TASK INPUTS >>
....

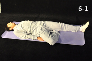动作1:右膝屈曲,右足踝压于左膝关节正下方,左膝关节伸直(图6-1)
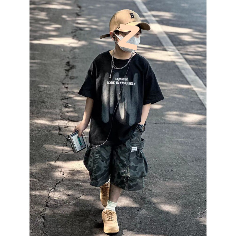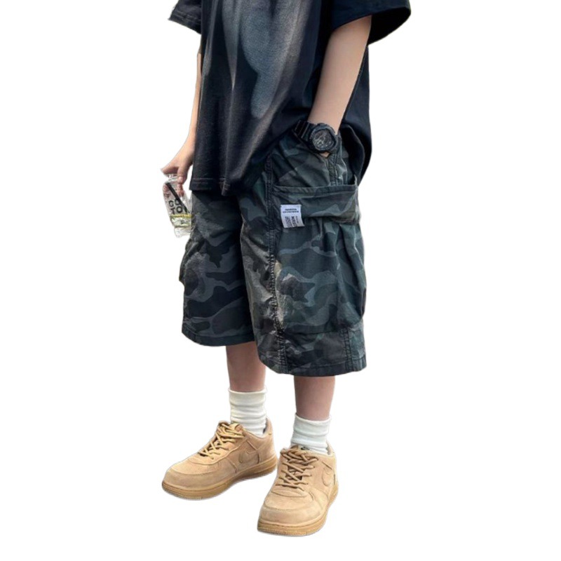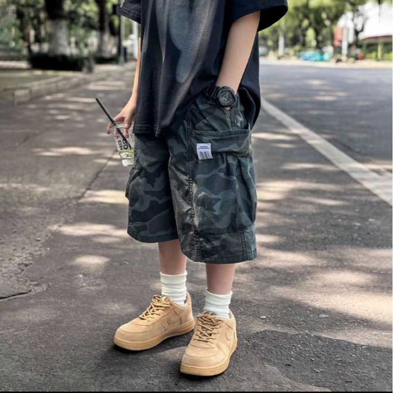 男童裤子夏装新款短裤迷彩工装裤潮牌炸街大童痞帅五分裤中裤
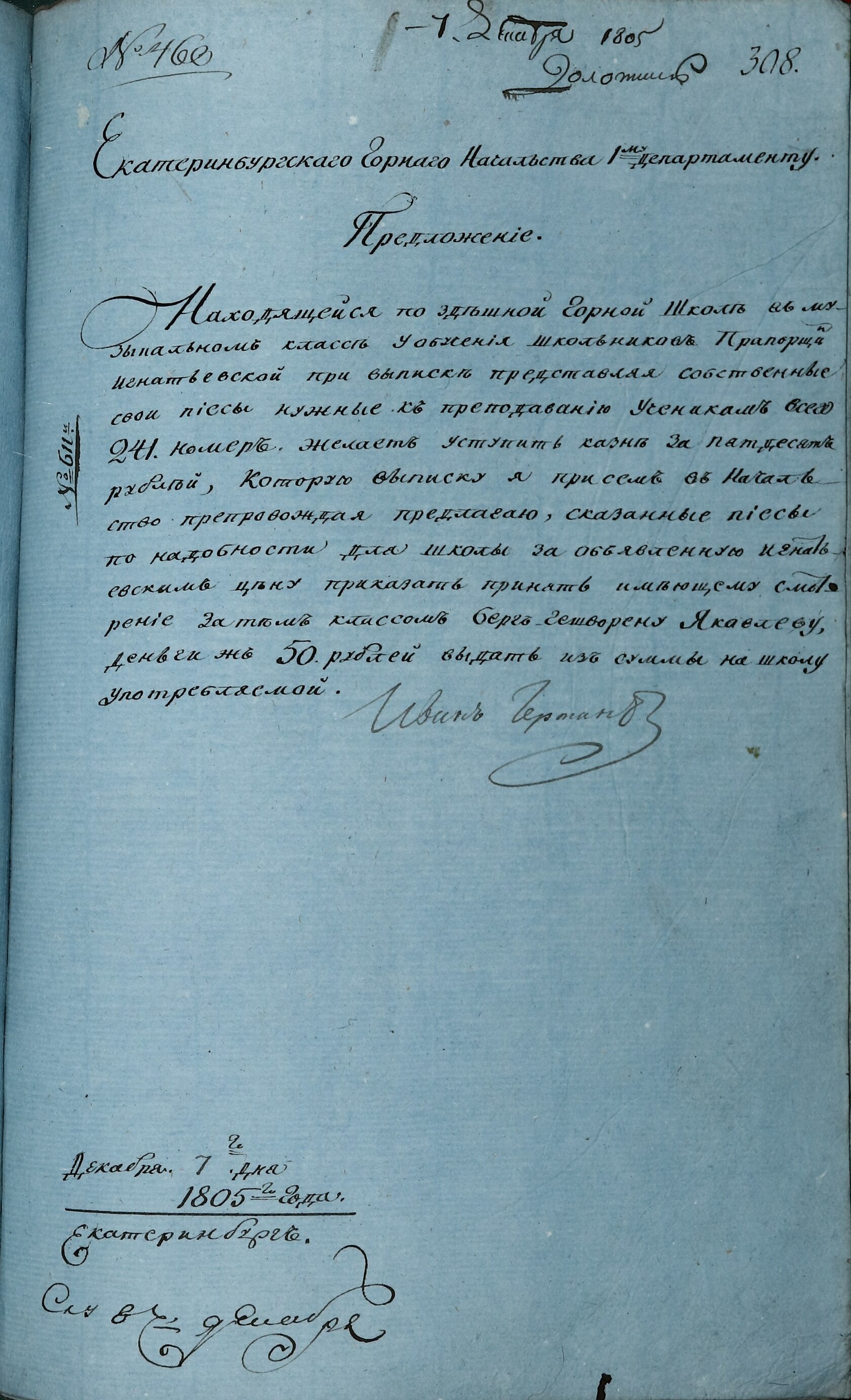 Из книги: Пешкин И. С. Аносов. Челябинск. 1987.
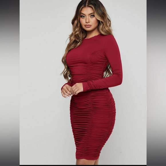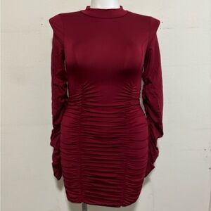 Women's | Dress | Mini Dress | Stretch Dress | Burgundy Dress | Long Sleeve | Bodycon
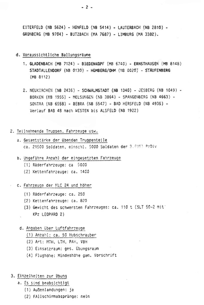 Pressemeldung in der Hessischen Allgemeinen -Seite Hessen- am 14.09.1987 über den Manöverbeginn.

....

WHAT YOU WILL DO >>
Retype each record exactly as it appears above and drop the images.

FINAL ANSWER >>
动作1:右膝屈曲,右足踝压于左膝关节正下方,左膝关节伸直(图6-1)
 男童裤子夏装新款短裤迷彩工装裤潮牌炸街大童痞帅五分裤中裤
 Из книги: Пешкин И. С. Аносов. Челябинск. 1987.
 Women's | Dress | Mini Dress | Stretch Dress | Burgundy Dress | Long Sleeve | Bodycon
 Pressemeldung in der Hessischen Allgemeinen -Seite Hessen- am 14.09.1987 über den Manöverbeginn.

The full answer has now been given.